In regards to PTC implementation, interoperability means that all railroads operating across any of BNSF’s PTC-equipped lines must be capable of operating with BNSF’s PTC system. BNSF has already demonstrated interoperability with some short line railroads and several passenger railroads, including commuter railroads and Amtrak.

 

Advancing Interoperability

BNSF is leading the North American freight rail industry with PTC interoperability. We are actively working with each of the approximately 30 railroads with which we need to be interoperable to identify their needs and how we can be of help. This assistance ranges from technical, operation and regulatory advice to a variety of services such as back office hosting and crew training.

We have achieved interoperability and PTC is active for several passenger railroads, including Amtrak, Metra, Metrolink, Northstar and Sound Transit where they run on BNSF. This is an important achievement since one of the primary purposes of PTC is to provide protection where rails run freight and passenger service. We have also accomplished interoperability with short line roads Montana Rail Link and Dakota, Missouri Valley and Western Railroad.
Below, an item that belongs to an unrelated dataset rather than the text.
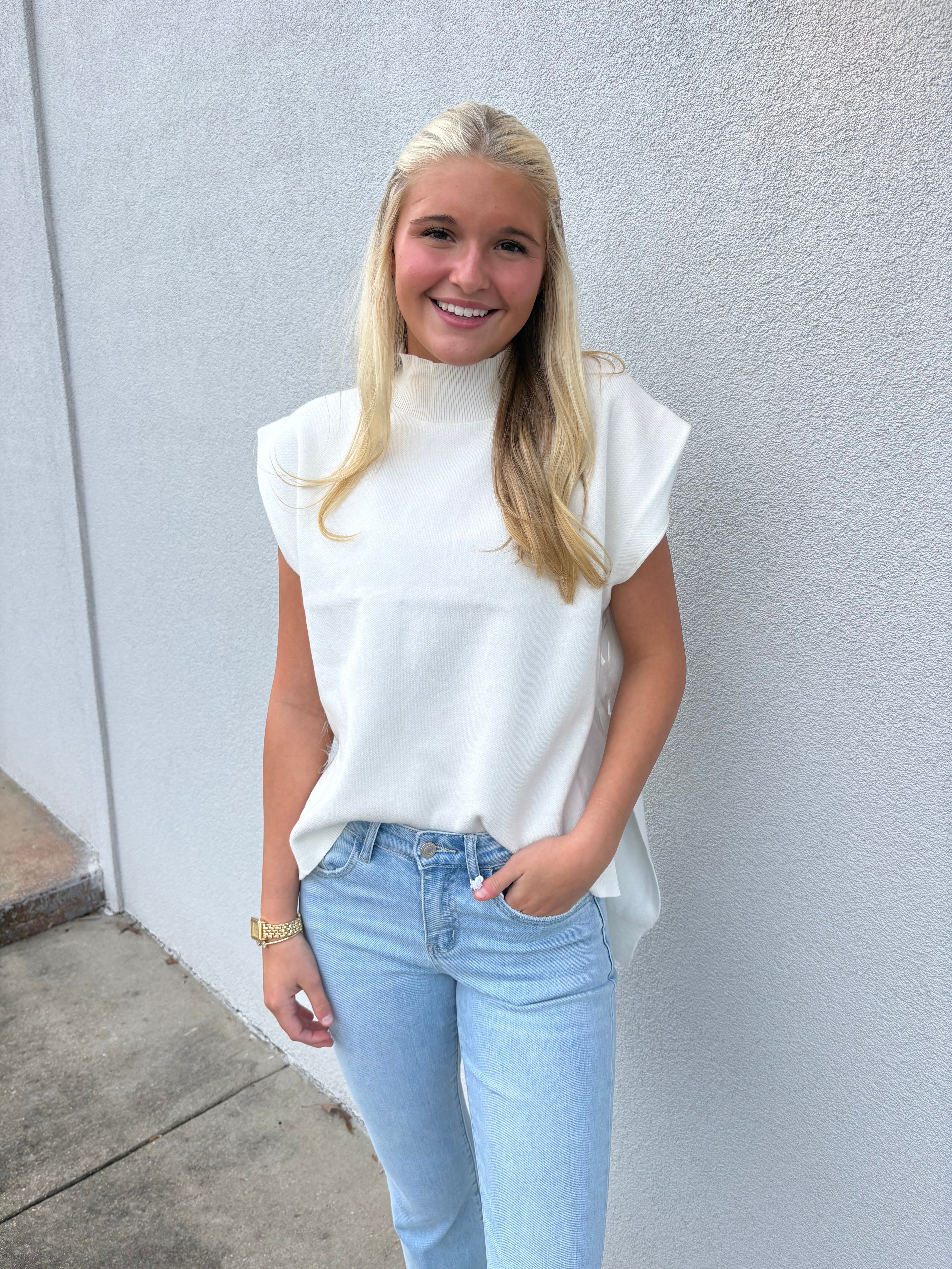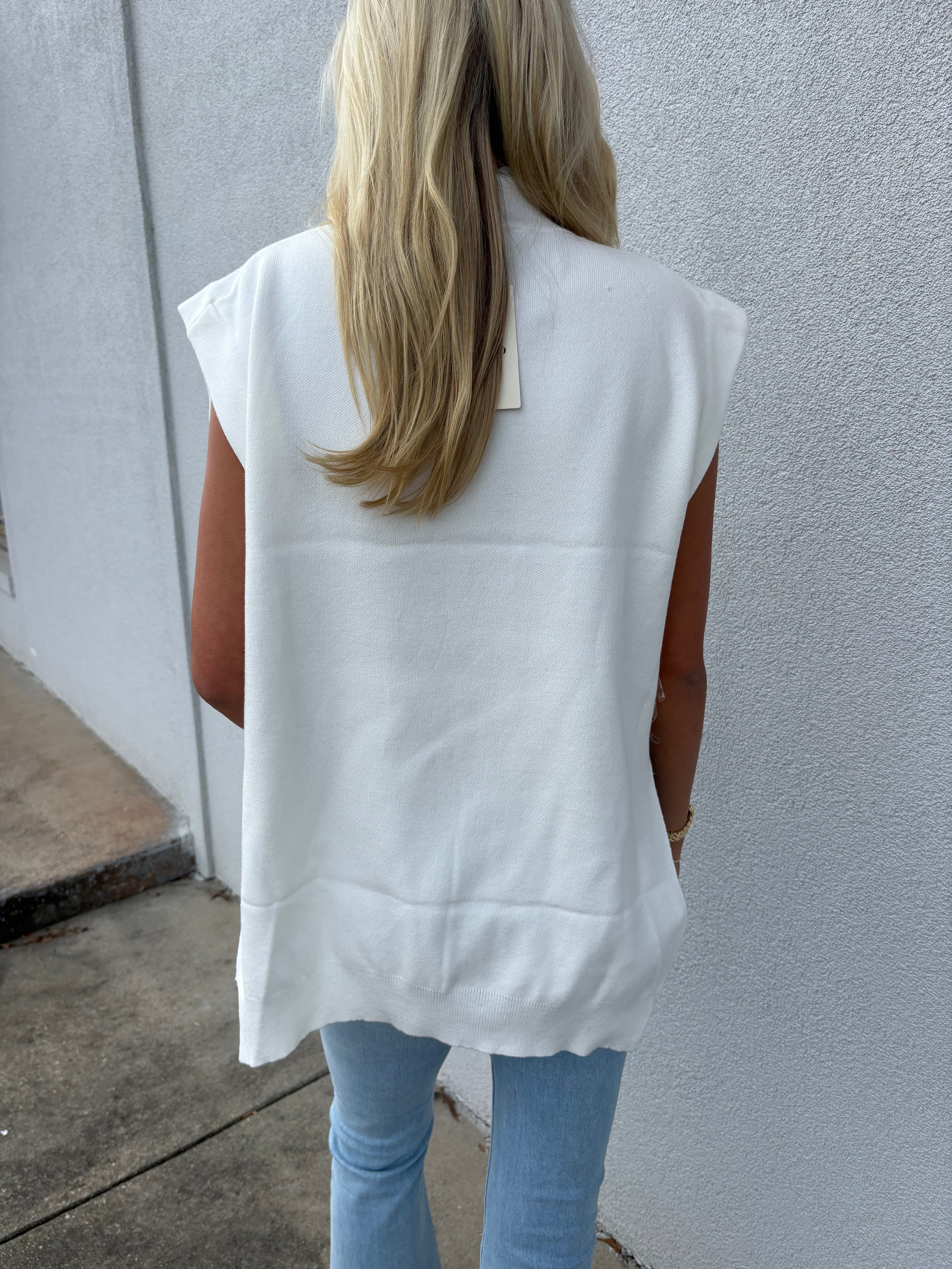 The slightly longer back hem and subtle side slits create a flattering silhouette that moves with you, while the sleeveless design keeps the look fresh and modern. Style it over a crisp button-down, a simple tee, or wear it on its own with denim or tailored trousers for a polished boutique-ready outfit.

We look forward to expanding interoperability and will continue to work with the FRA to ensure PTC enhances rail safety wherever it operates.

What is PTC?

PTC is technology that overlays existing train hardware and software. As mandated by law, PTC is intended to prevent:

  • Train-to-train collisions.
  • Derailments caused by excessive speed.
  • Unauthorized incursions by trains onto sections of track where maintenance activities are taking place.
  • Movement of a train through a track switch left in the wrong position.

How it works

PTC uses GPS, Wi-Fi and high-band radio transmission to:

  • Ensure the train does not exceed its authority.
  • Determine the location, direction and speed of the train.
  • Take action by stopping the train if there is not a response by the train crew.
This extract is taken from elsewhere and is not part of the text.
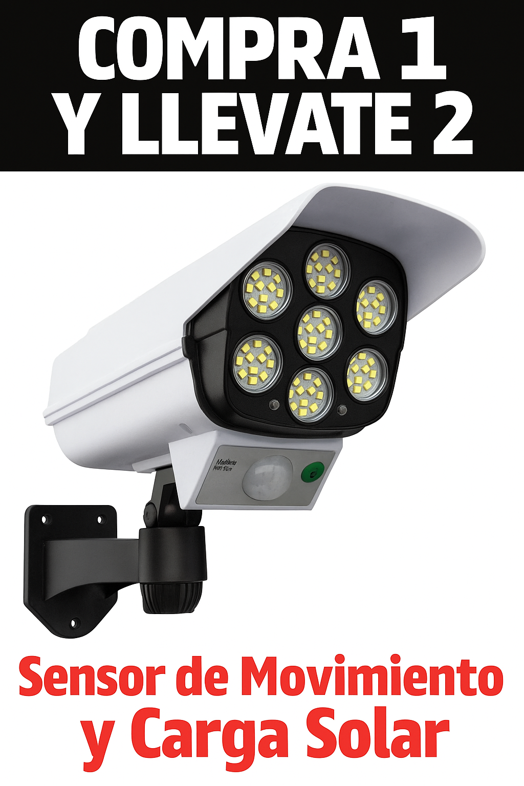 🌞 Carga 100% solar + 🚨 sensor de movimiento que detecta hasta los movimientos más pequeños. Es la solución perfecta para quienes buscan seguridad, ahorro y practicidad en un solo producto. 🎁¡COMPRA 1 Y LLEVATE 2!🎁 ✅ Sensor de Movimiento Inteligente – se enciende automáticamente al detectar movimiento, alejando intrusos. ✅ Energía Solar Sostenible – sin costo de electricidad, se carga de día y ilumina de noche. ✅ Instalación Rápida y Sin Cables – sin electricista, se fija en minutos. ✅ Diseño 2 en 1 – apariencia de cámara de seguridad + iluminación LED potente. ✅ Ahorro Garantizado – iluminación gratuita todos los días, sin aumentar tu factura de luz. No solo ilumina áreas exteriores, sino que también funciona como elemento disuasorio contra intrusos.🚨 ⭐️Su panel solar integrado garantiza carga completa durante el día, ofreciendo horas de iluminación nocturna gratuita.☀️ 👉 Instálala fácilmente en entradas, garajes, jardines, comercios o cualquier espacio exterior. Seguridad y tranquilidad para tu familia sin gastar nada extra en la factura de electricidad.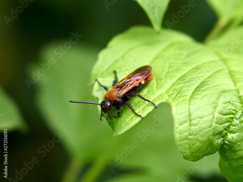 Naklejka premium Black plum sawfly on green leaf

There are three main elements of a PTC system, which are integrated by a wireless communications system:

  • Onboard Locomotive System: Monitors the train’s position and speed and activates braking as necessary to enforce speed restrictions and unauthorized train movement into new sections of track.
  • Wayside System: Monitors railroad track signals, switches and track circuits to communicate movement authorization to the locomotive.
  • Back Office Server: The storehouse for all information related to the rail network and trains operating across it. It transmits the authorization for individual trains to move into new segments of track.